▼

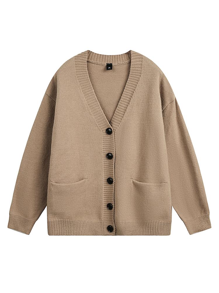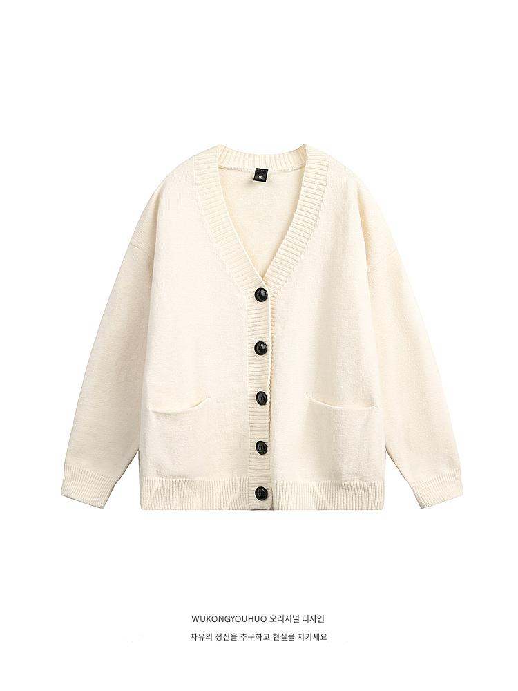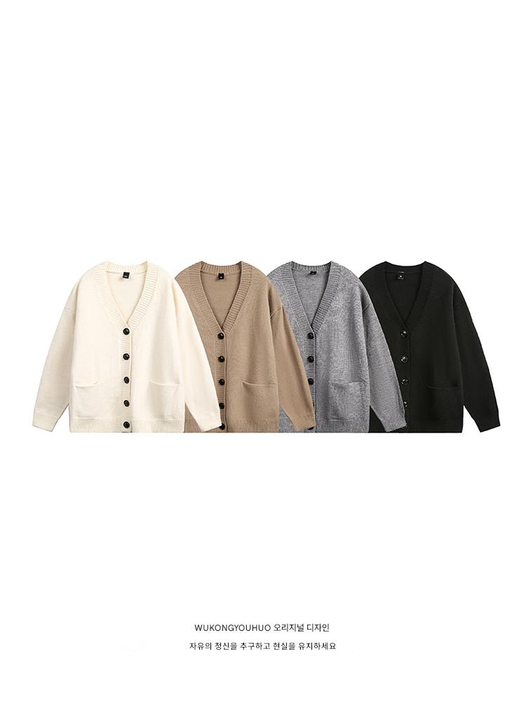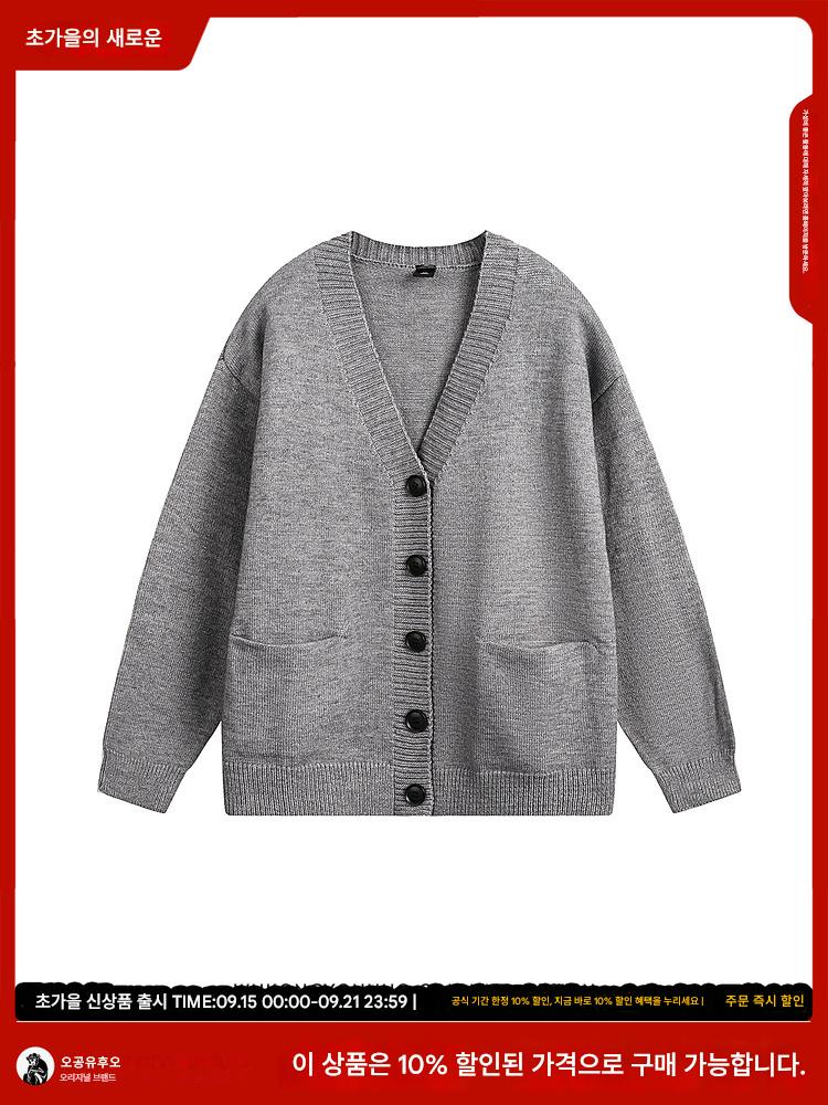 오공은 상품 레트로 일본식 느긋한 스타일 카디건 V넥 스웨터 남녀 가을 느슨한 커플 캐주얼 스웨터
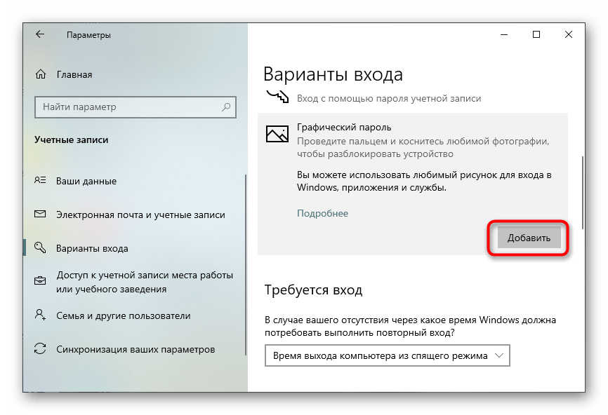 - В этом же меню «Варианты входа», которое находится в «Параметры», выберите пункт «Графический пароль».
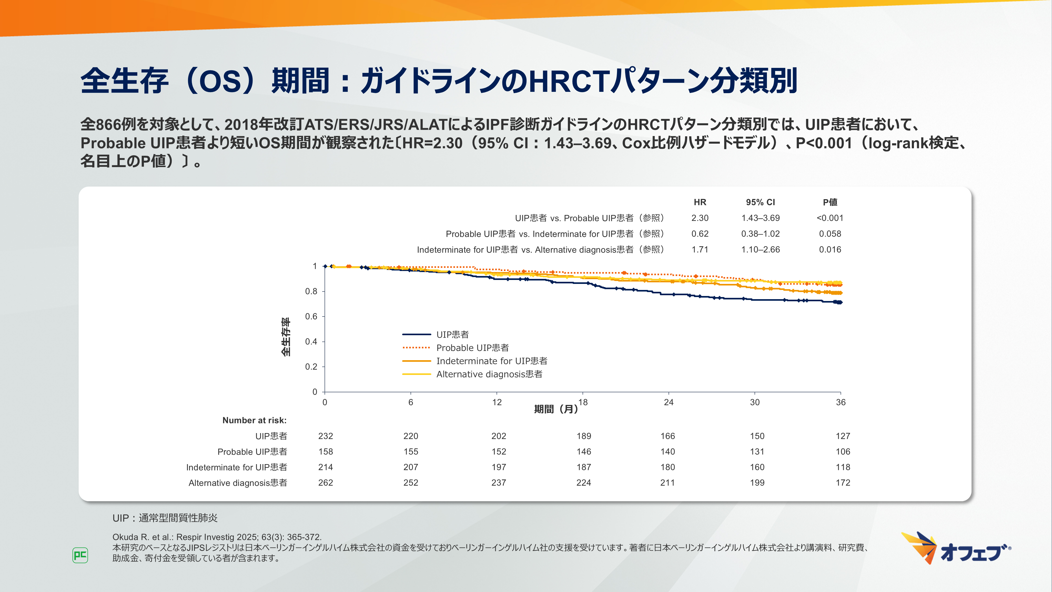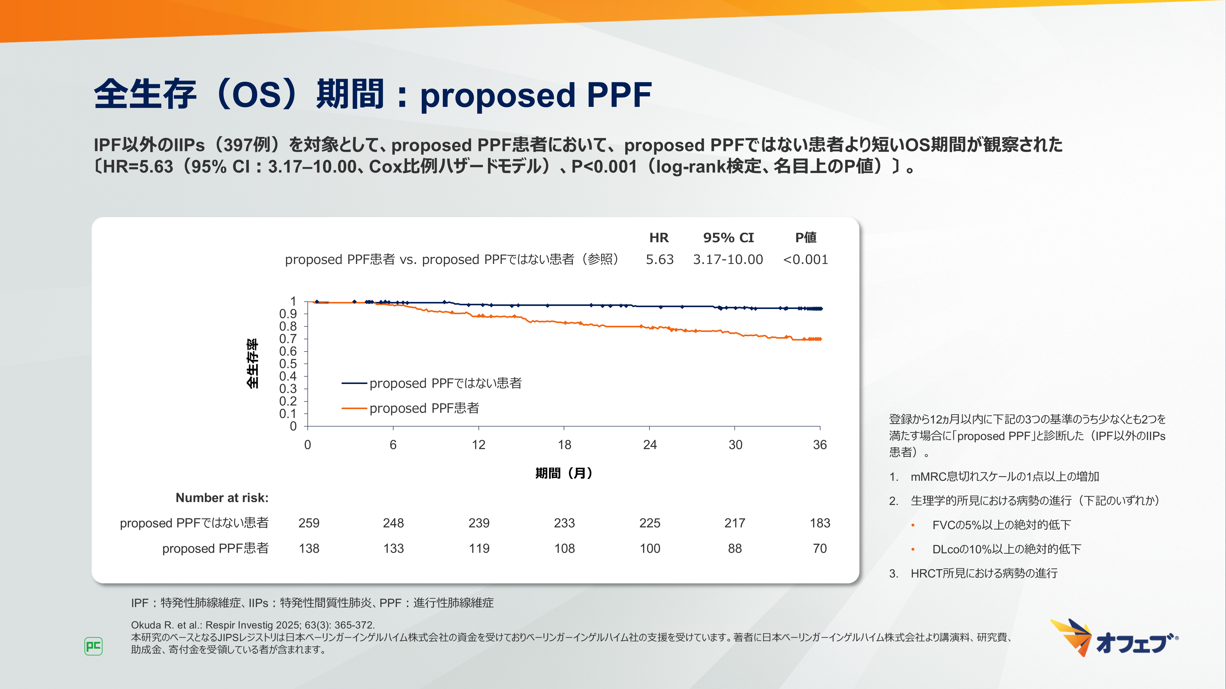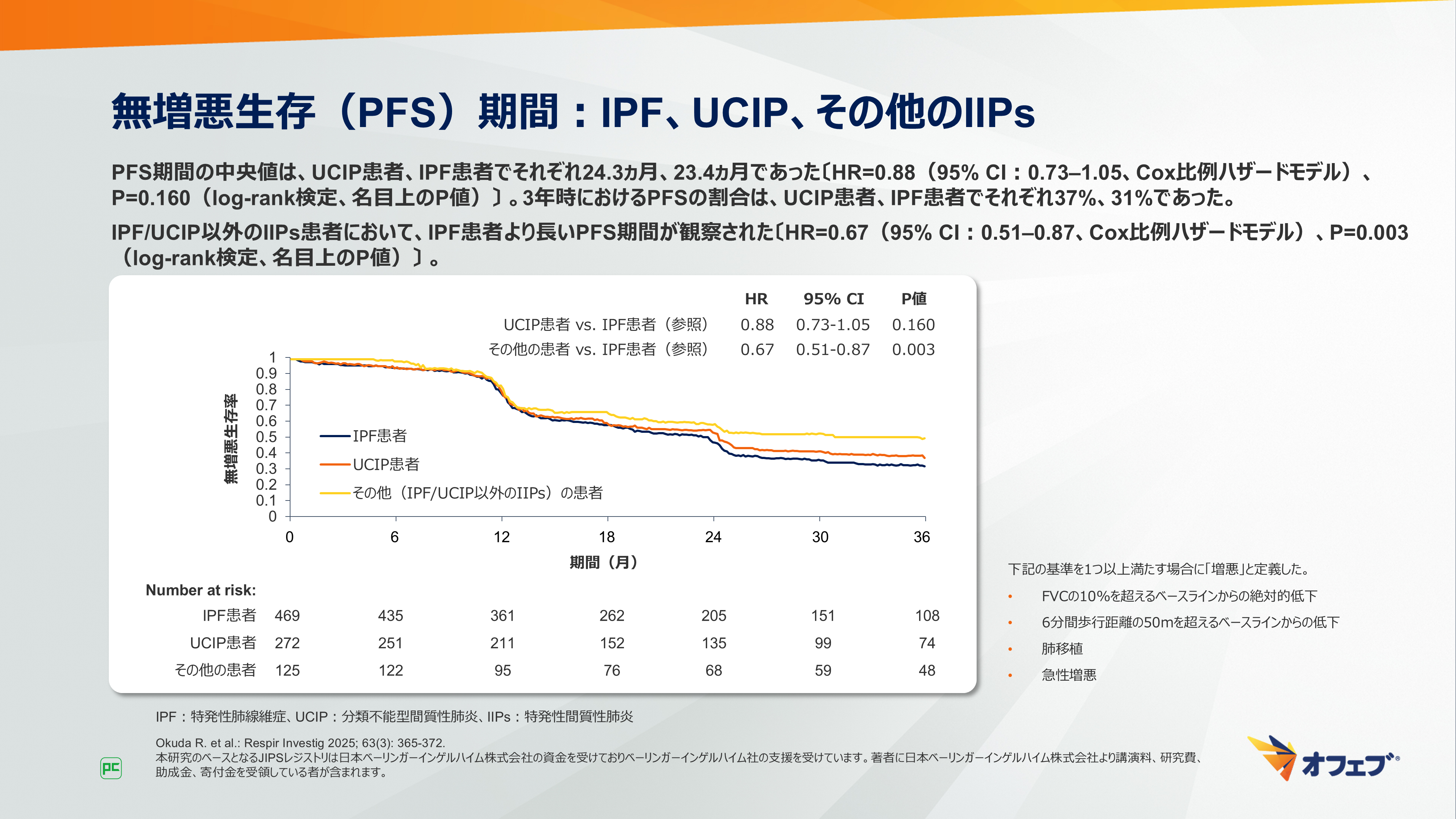 IPF/UCIP以外のIIPs患者(iNSIP、COP、iPPFEなど)において、IPF患者より長いPFS期間が観察されました〔HR=0.67(95% CI:0.51–0.87、Cox比例ハザードモデル)、P=0.003(log-rank検定、名目上のP値)〕。

▲

Print the whole listing above once more, word for word, without its pictures.

Problem solution:
 오공은 상품 레트로 일본식 느긋한 스타일 카디건 V넥 스웨터 남녀 가을 느슨한 커플 캐주얼 스웨터
 - В этом же меню «Варианты входа», которое находится в «Параметры», выберите пункт «Графический пароль».
 IPF/UCIP以外のIIPs患者(iNSIP、COP、iPPFEなど)において、IPF患者より長いPFS期間が観察されました〔HR=0.67(95% CI:0.51–0.87、Cox比例ハザードモデル)、P=0.003(log-rank検定、名目上のP値)〕。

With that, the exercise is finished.